*Task:* Copy out the data from the line containing "nether_portal. - Można" to its last line, exactly. No pictures.

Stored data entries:
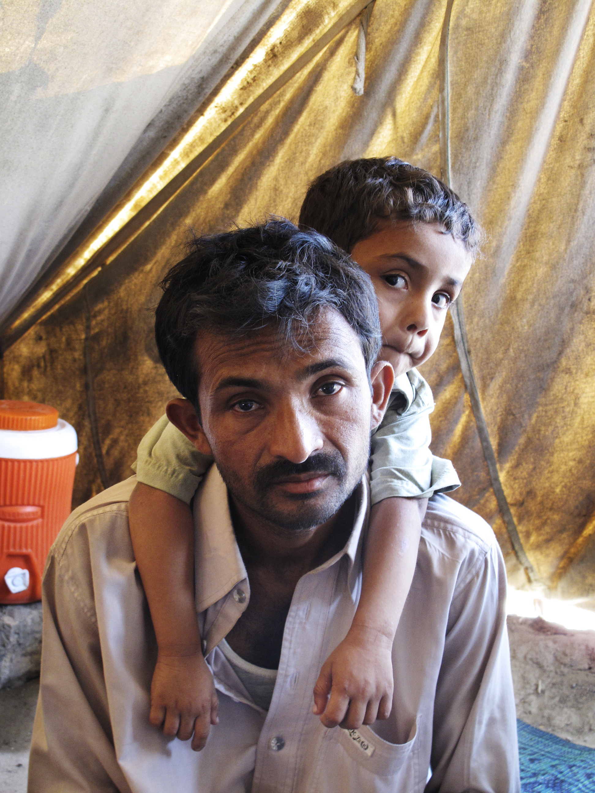 4-årige Nazir blir lätt uttråkad i det lilla tältet i Tent City som under sommaren är för het och under vintern för kall. Här med sin pappa Muhamed som sörjer att han inte har möjlighet att ge sin son några leksaker. Utanför Karachi, Pakistan.
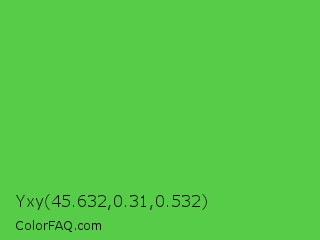 Yxy 45.632,0.31,0.532 Color is a normal green color and the nearest color is Apple #4fa83d. Hex code #56cc48 and RGB value is rgb(86,204,72). In RGB color space, this color is composed of 34% red, 80% green, 28% blue, In CMYK color space, this color is composed of 58% cyan, 0% magenta, 65% yellow , 20% black , In HSL color space, this color has a hue angle of 114° , 56% saturation and 54% lightness.
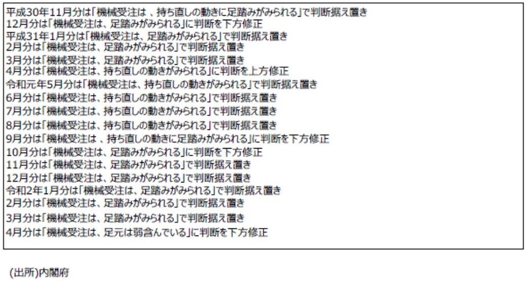 ●内閣府の基調判断の推移をみると、19年9月分では「機械受注は、持ち直しの動きに足踏みがみられる」という判断に下方修正された。その後10月分ではさらに下方修正され、18年12月分~19年3月分以来の「機械受注は、足踏みがみられる」という判断になった。11月分・12月分・20年1月分、2月分、3月分と、「機械受注は、足踏みがみられる」という判断であったが、新型コロナウイルス感染拡大の影響が大きく出た4月分では「機械受注は、足元は弱含んでいる」という判断に下方修正された。
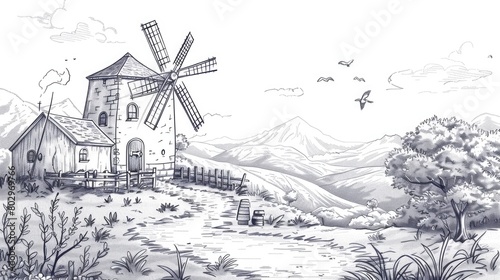 A picturesque drawing of a windmill on a hill. Perfect for travel brochures
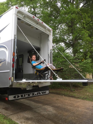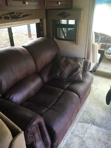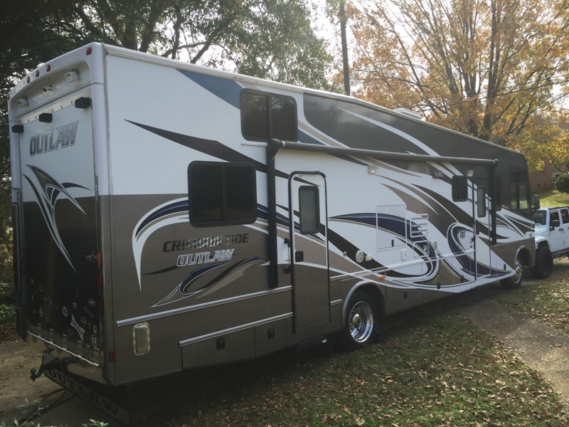 | 2012 Thor / Damon Outlaw 3611 toy hauler, many extras including 5 TVs, rear patio, leather recliner, reupholstered and padded recliner, one large slide, excellent condition (except needs front Lippert leveling jacks). 17,500 miles, mileage will go up as I drive it often). V10 Triton gas. I will deliver with deposit. |
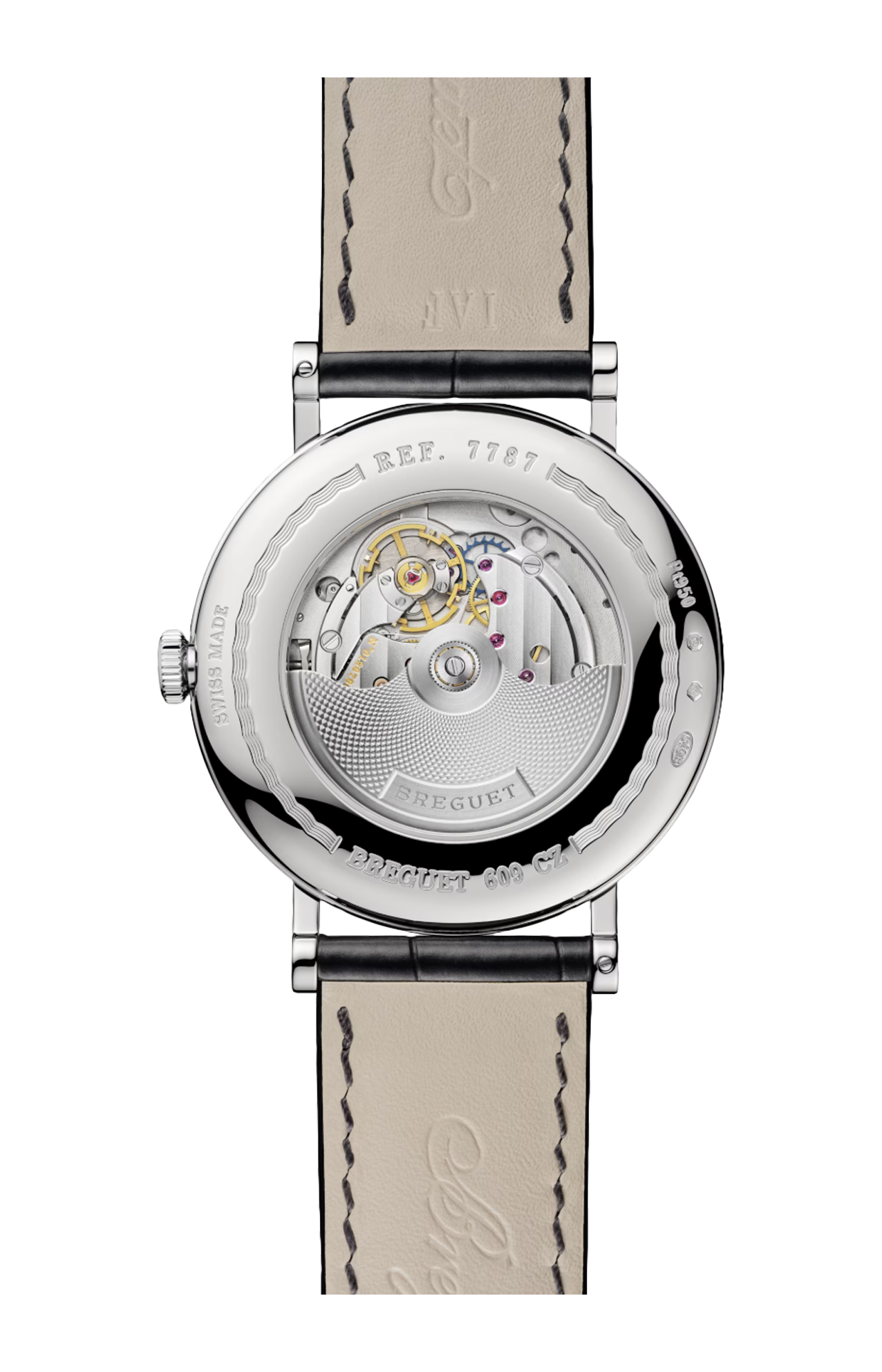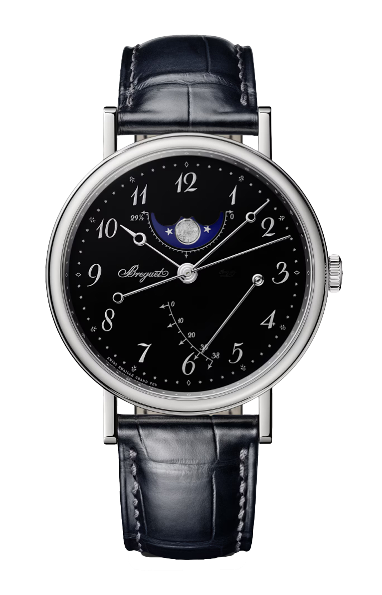 Questo orologio con quadrante in smalto “Grand Feu” è un fedele riflesso delle tecniche, dell’arte orologiera e dei valori tradizionali di Breguet. Con ore, minuti e secondi al centro, questo modello presenta anche due complicazioni: una fase lunare situata a ore 12 e una riserva di carica a ore 3. Quest’ultima può essere letta grazie a una lancetta particolarmente lunga, leggibile ed elegante.
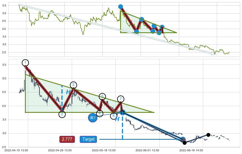 ➢ 【已达成】最小【整理】第一目标价格→(06-10:09: 2.777 ), 后续继续【整理】下跌动力依然存在,下跌空间适中
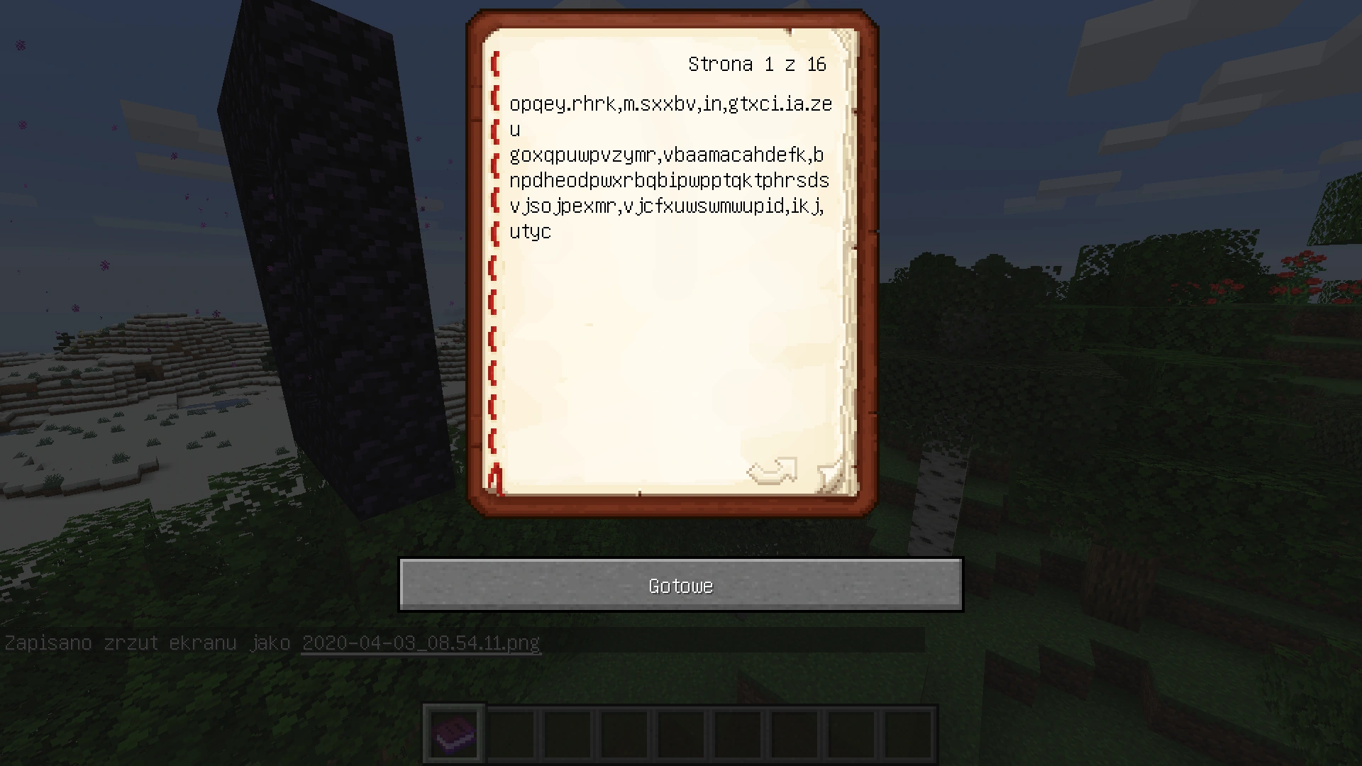 nether_portal. - Można utworzyć go poprzez wrzucenie zapisanej książki lub książki z piórem do portalu Netheru.
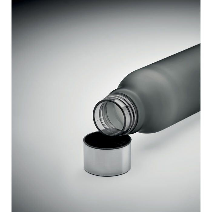 Питьевая пластиковая бутылка (RPET) с прорезиненным покрытием и крышкой из нержавеющей стали и пластика с внутренней стороны (RPET), а также силиконовым кольцом. Полная герметичность. Емкость: 600 мл.Не протекает.

*Exercise solution:*
 nether_portal. - Można utworzyć go poprzez wrzucenie zapisanej książki lub książki z piórem do portalu Netheru.
 Питьевая пластиковая бутылка (RPET) с прорезиненным покрытием и крышкой из нержавеющей стали и пластика с внутренней стороны (RPET), а также силиконовым кольцом. Полная герметичность. Емкость: 600 мл.Не протекает.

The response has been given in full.